> Task
Copy the listing exactly, leaving out every picture.

> Available data
—————

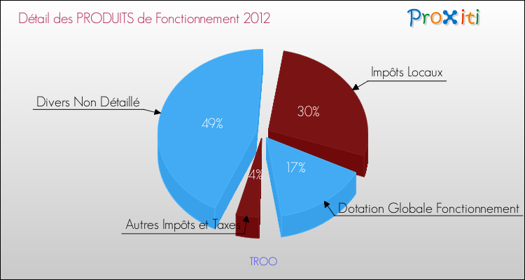 En 2012, le budget de fonctionnement de la commune de Troo se montait à : 508 000 € décomposé comme suit :
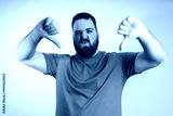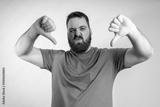 Choice thumb down. A man show that something in bad and drop down his thumbs. A man is expressing disapproval by giving a thumbs down, signaling that something is bad or undesirable.
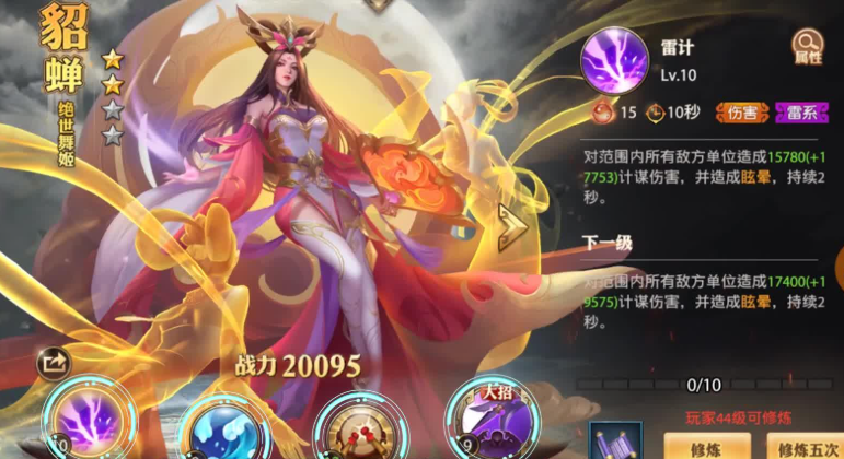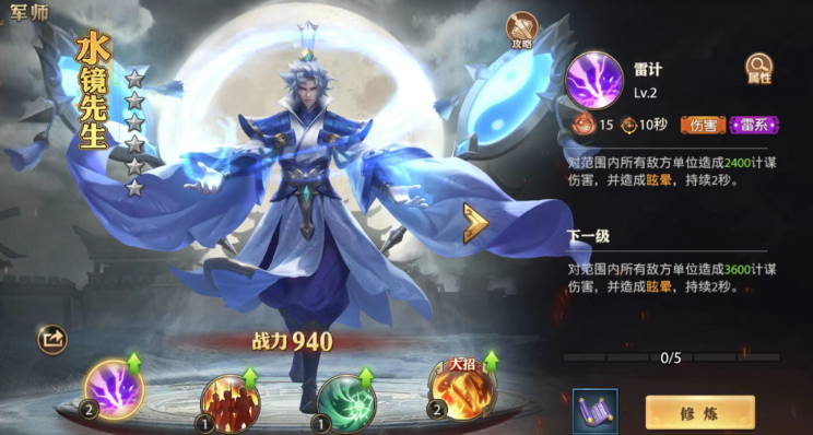 在培养优先级上,建议优先升级雷计和大招凤火九重,这两个技能是控场和输出的关键。战魂和风卷作为辅助技能,前期升到够用即可。水镜的碎片通过主线任务就能获取,晋升速度比其他军师快很多,所以很容易提升星级。记得把他的法器阴阳镜也同步强化,特别是提升计谋伤害和减少大招CD的属性,能显著增强实战表现。

—————

> Answer
 En 2012, le budget de fonctionnement de la commune de Troo se montait à : 508 000 € décomposé comme suit :
 Choice thumb down. A man show that something in bad and drop down his thumbs. A man is expressing disapproval by giving a thumbs down, signaling that something is bad or undesirable.
 在培养优先级上,建议优先升级雷计和大招凤火九重,这两个技能是控场和输出的关键。战魂和风卷作为辅助技能,前期升到够用即可。水镜的碎片通过主线任务就能获取,晋升速度比其他军师快很多,所以很容易提升星级。记得把他的法器阴阳镜也同步强化,特别是提升计谋伤害和减少大招CD的属性,能显著增强实战表现。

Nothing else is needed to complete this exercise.